(EXERCISE OBJECTIVE):
Write out again the lines from the line with "Actually, it’s something" up to and including the line with "Opschrift: Projet de", exactly as they stand below, and skip any picture.

Entries taken from a collection:
----
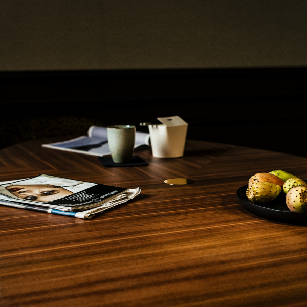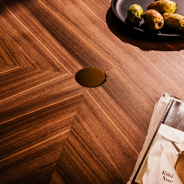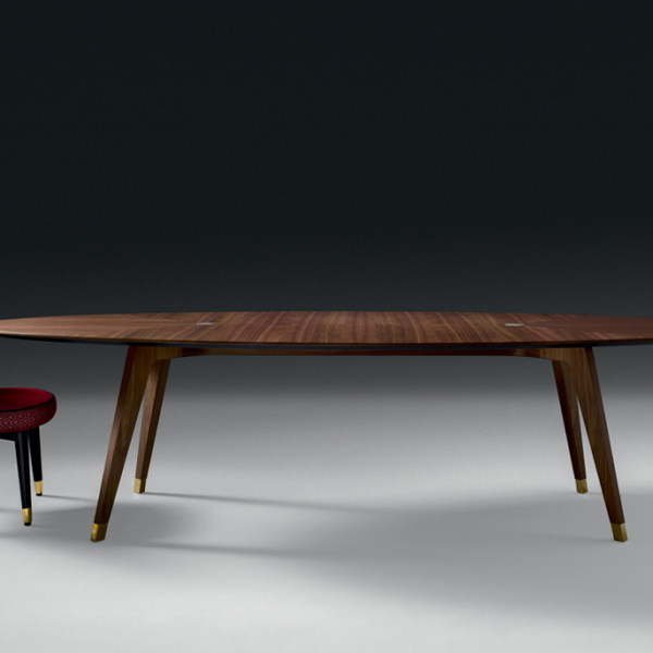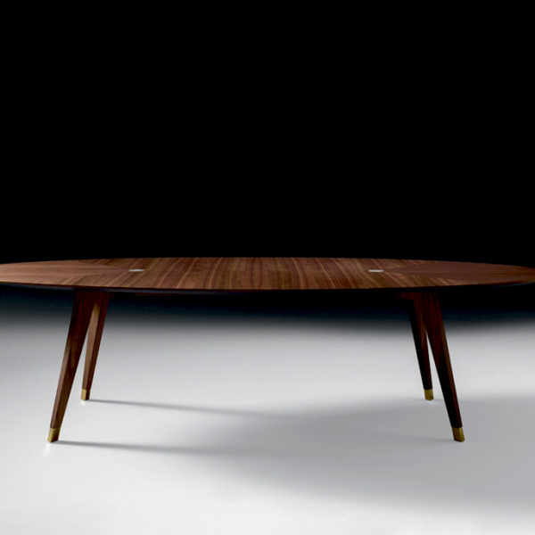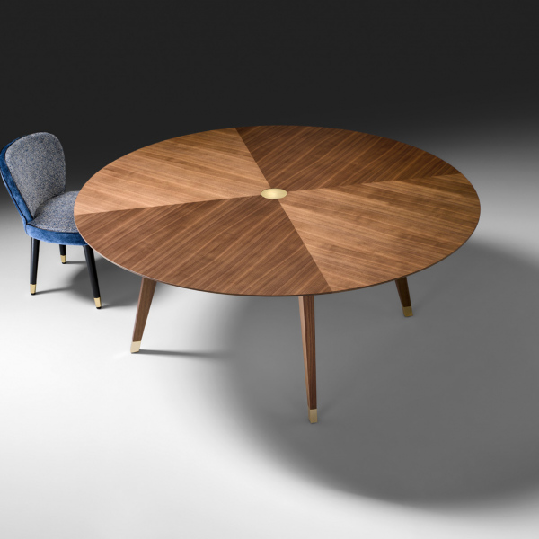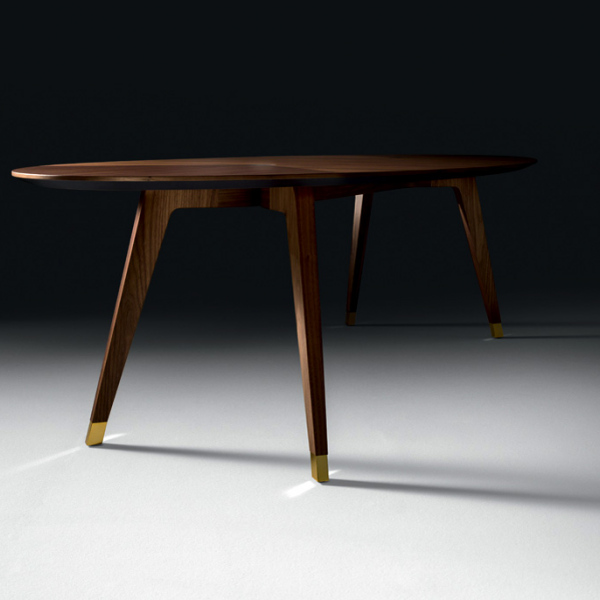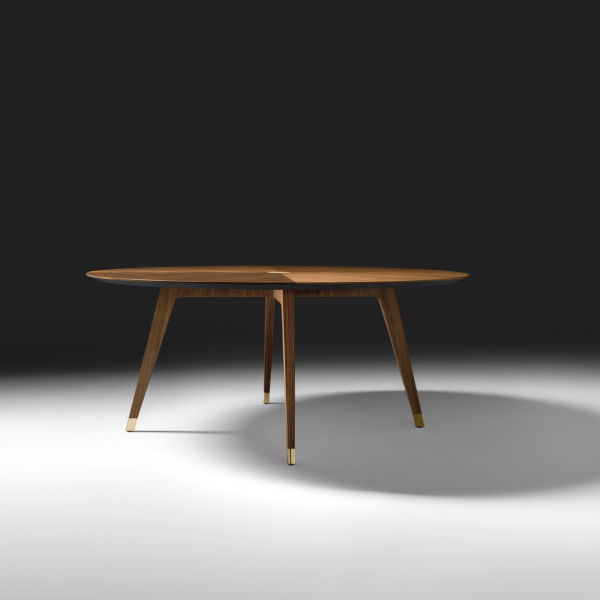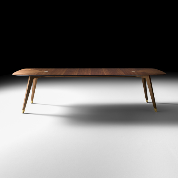 Tavolo con struttura in Noce Canaletto massiccio e piano in MDF impliacciato in Noce Canaletto. Puntali e inserti in
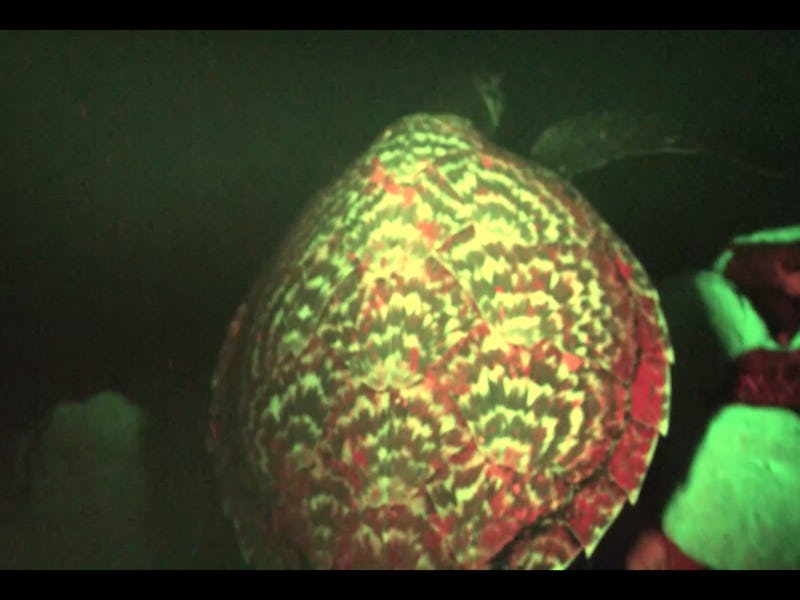 Actually, it’s something arguably cooler — the critically endangered hawksbill sea turtle, showing off a green and red biofluorescent glow while swimming around in the water.
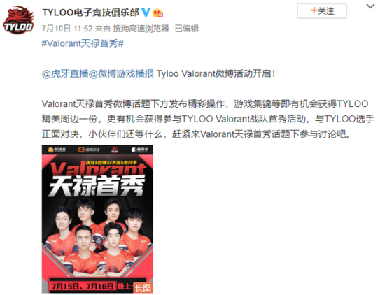 为了庆祝TYLOO战队的Valorant分部加入虎牙首秀,虎牙平台也是准备了一系列的预热活动,他们在官方微博上发布了首播公告,转发微博就能够获得京东卡。而在7月10日至7月15日期间,大家参与微博话题“#Valorant天禄首秀”,就有机会获得战队的精美周边,并且在Valorant天禄首秀当日,和职业战队进行正面对决。相信很多TYLOO俱乐部的粉丝们,已经迫不及待参与其中。
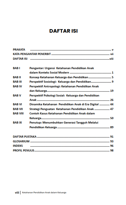 Berikut Daftar Isi Buku Pendidikan yang berjudul Buku Ketahanan Pendidikan Anak dalam Keluarga: Tinjauan Multidisiplin Sosiologi, Antropologi, dan Psikologi Sosial, diantaranya:
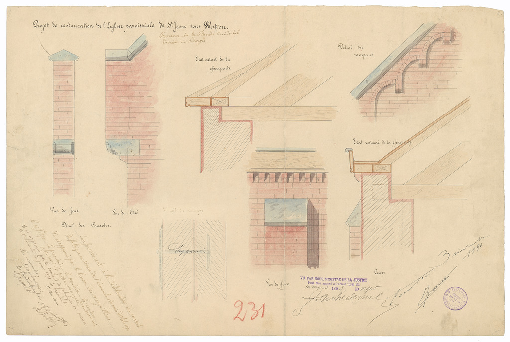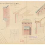 Opschrift: Projet de restauration de l'Eglise de St. Jean-Watou. Province de la Flandre Occidentale. Diocèse de Bruges Omschrijving plan: detailtekeningen gevelopstanden en doorsneden Datum KCML: deze informatie wordt niet vermeld op het archiefstuk Archiefnummer: W1505
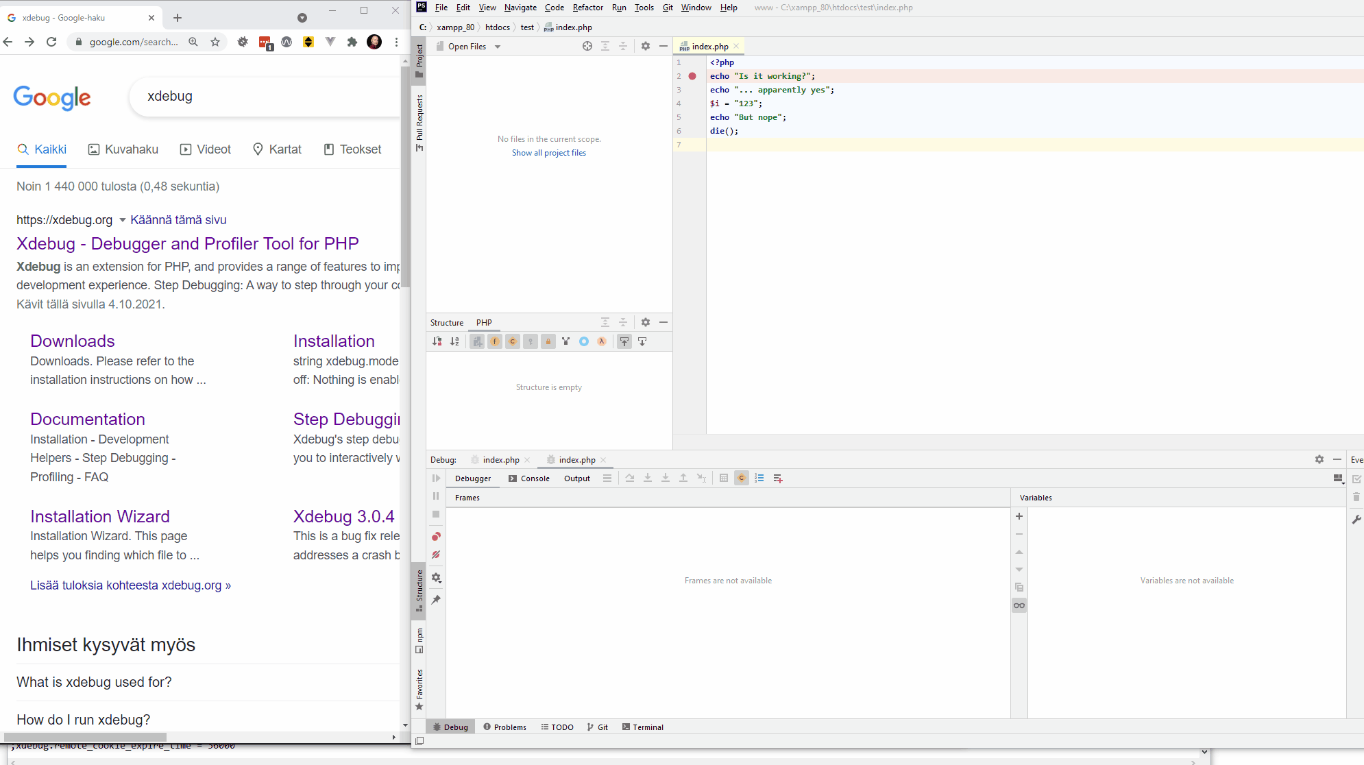 | Description | I faced a problem with Xdebug 3.1.0 TS version not working correctly on latest (or any) version of PhpStorm on XAMPP PHP 8.0.11 TS Windows installation. Whenever something else than just "echo" was hit step-debug seems to silently crash. Switching to 3.0.4 seems to work just fine with same settings. Details of this issue have been described to a detail at https://intellij-support.jetbrains.com/hc/en-us/community/posts/4407744683922--solved-Xdebug-3-PHP-8-0-11-xdebug-fails-at-variable-?page=1#community_comment_4407821522578 You can also see GIF screen capture of this issue at forum message. I also added this animation as an attachment to this ticket. | ||||
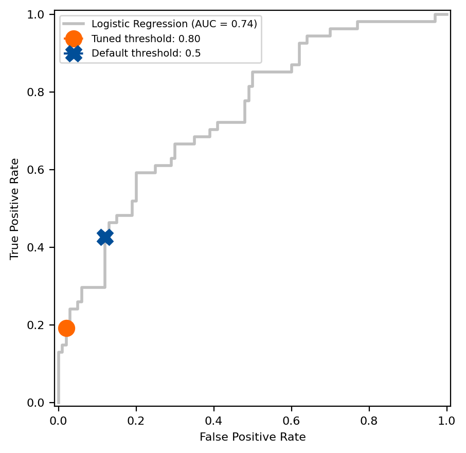 # Plot the ROC curve and compare the default threshold to the tuned threshold
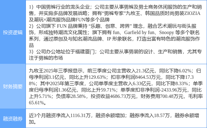 证券之星消息,九牧王12月18日涨停收盘,收盘价15.44元。该股于10点12分涨停,未打开涨停,截止收盘封单资金为3589.89万元,占其流通市值0.4%。
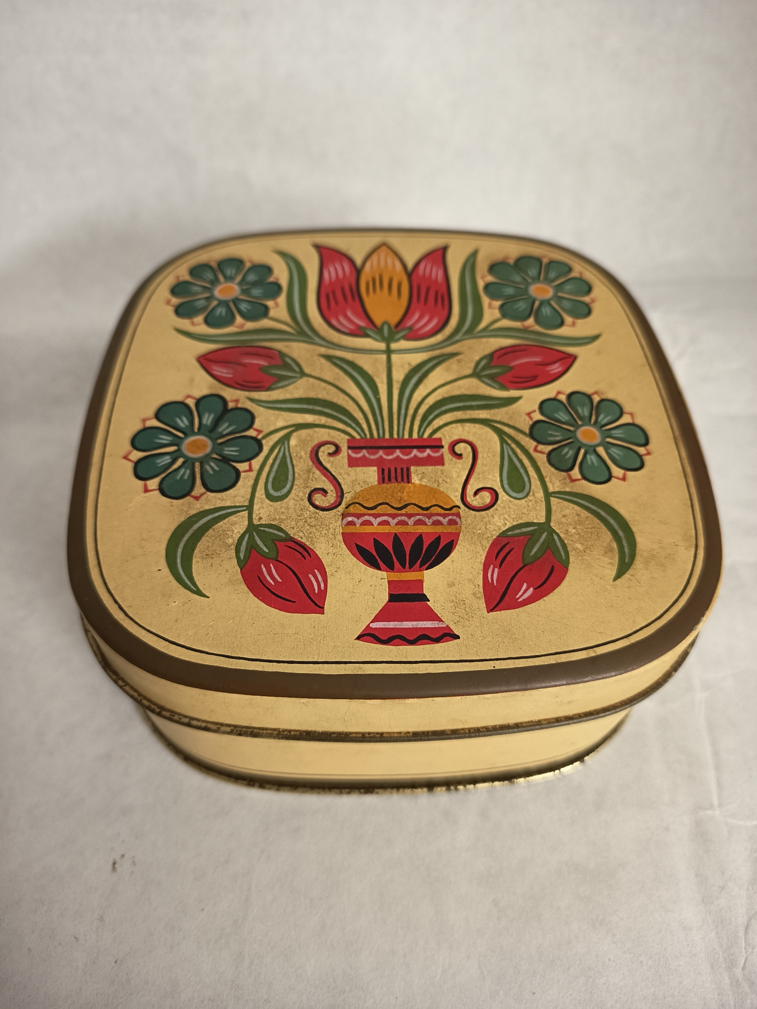 The image shows a decorative tin box with a floral design. The box is rectangular with rounded corners and has a gold-colored background. The design features a vase with flowers in red, orange, green,…read more
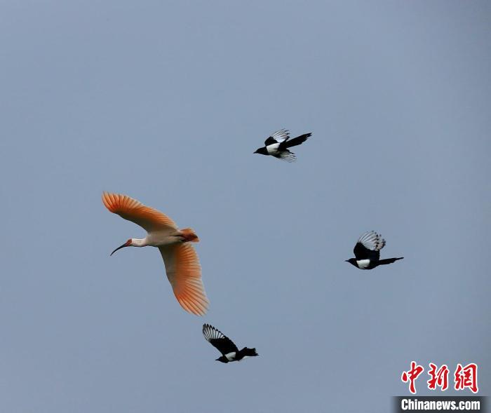 朱鹮和喜鵲打架其實(shí)是一種爭奪領(lǐng)域的行為,在自然界是很普遍也很正常的。朱鹮在野生環(huán)境中,不光要對付老鷹、蛇類等天敵,還要學(xué)會與競爭對手烏鴉、喜鵲等“打交道”,趨利避害,不斷增強(qiáng)自然生存本領(lǐng)。
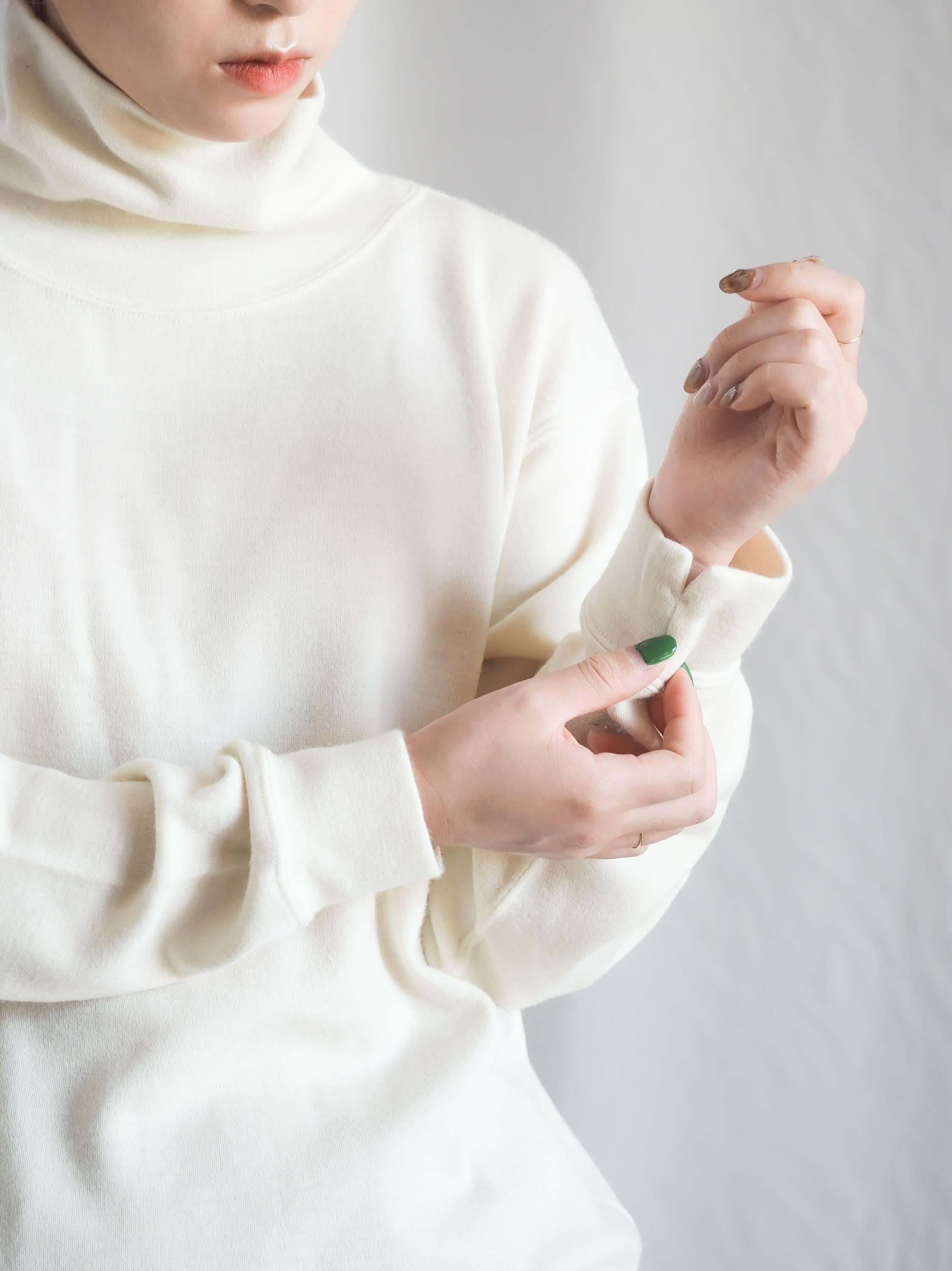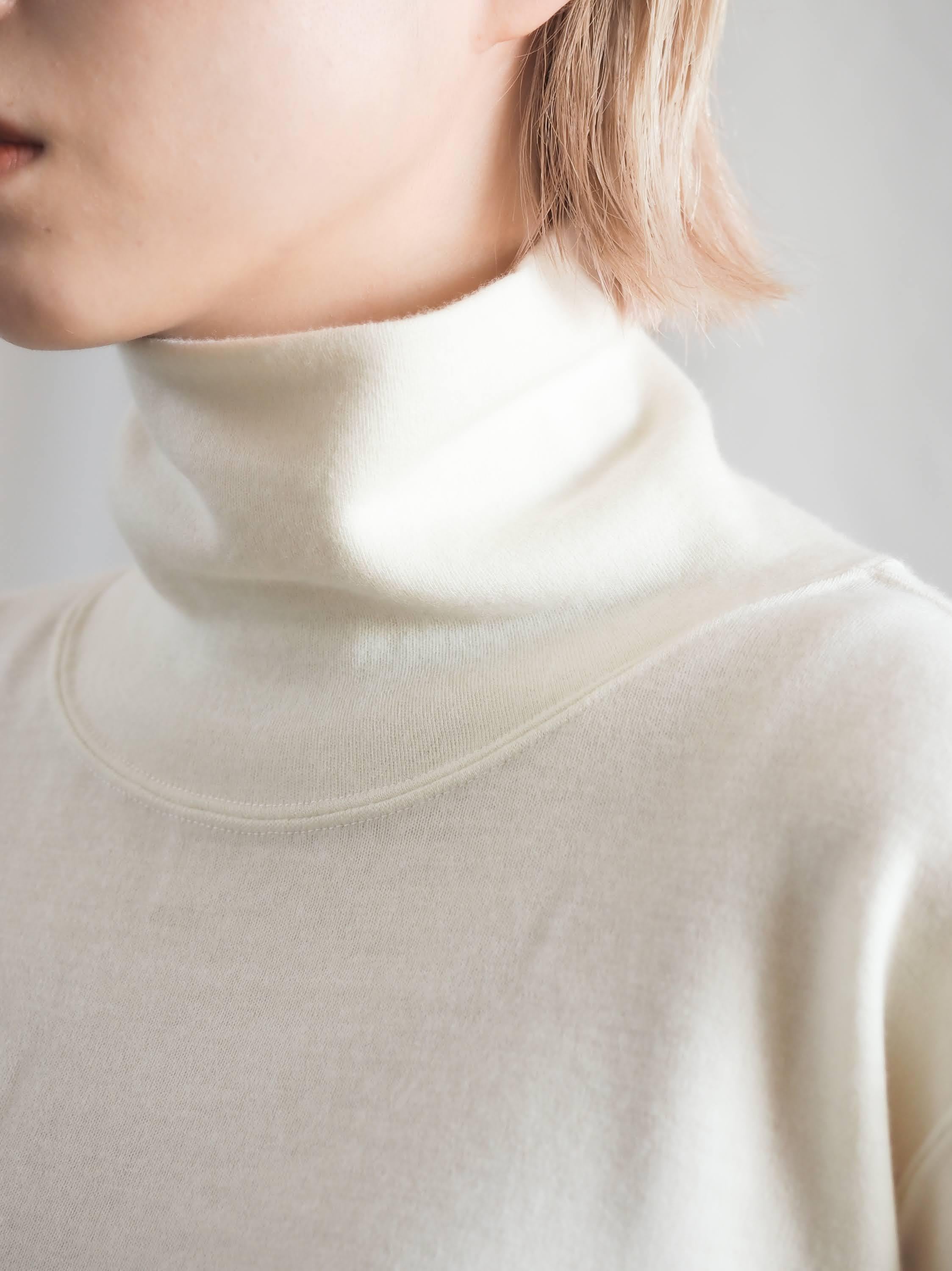 首までやさしく包み込む“とっくり”型のセーターは抜群のあたたかさ。“無添加ウール”ならではの豊かなふくらみで空気を含み、抜群の保温性と軽さを実現。直接肌にいてもチクチクしない唯一無二の「糸と色」のウールカットソー。
----
(TASK OUTPUT):
 Actually, it’s something arguably cooler — the critically endangered hawksbill sea turtle, showing off a green and red biofluorescent glow while swimming around in the water.
 为了庆祝TYLOO战队的Valorant分部加入虎牙首秀,虎牙平台也是准备了一系列的预热活动,他们在官方微博上发布了首播公告,转发微博就能够获得京东卡。而在7月10日至7月15日期间,大家参与微博话题“#Valorant天禄首秀”,就有机会获得战队的精美周边,并且在Valorant天禄首秀当日,和职业战队进行正面对决。相信很多TYLOO俱乐部的粉丝们,已经迫不及待参与其中。
 Berikut Daftar Isi Buku Pendidikan yang berjudul Buku Ketahanan Pendidikan Anak dalam Keluarga: Tinjauan Multidisiplin Sosiologi, Antropologi, dan Psikologi Sosial, diantaranya:
 Opschrift: Projet de restauration de l'Eglise de St. Jean-Watou. Province de la Flandre Occidentale. Diocèse de Bruges Omschrijving plan: detailtekeningen gevelopstanden en doorsneden Datum KCML: deze informatie wordt niet vermeld op het archiefstuk Archiefnummer: W1505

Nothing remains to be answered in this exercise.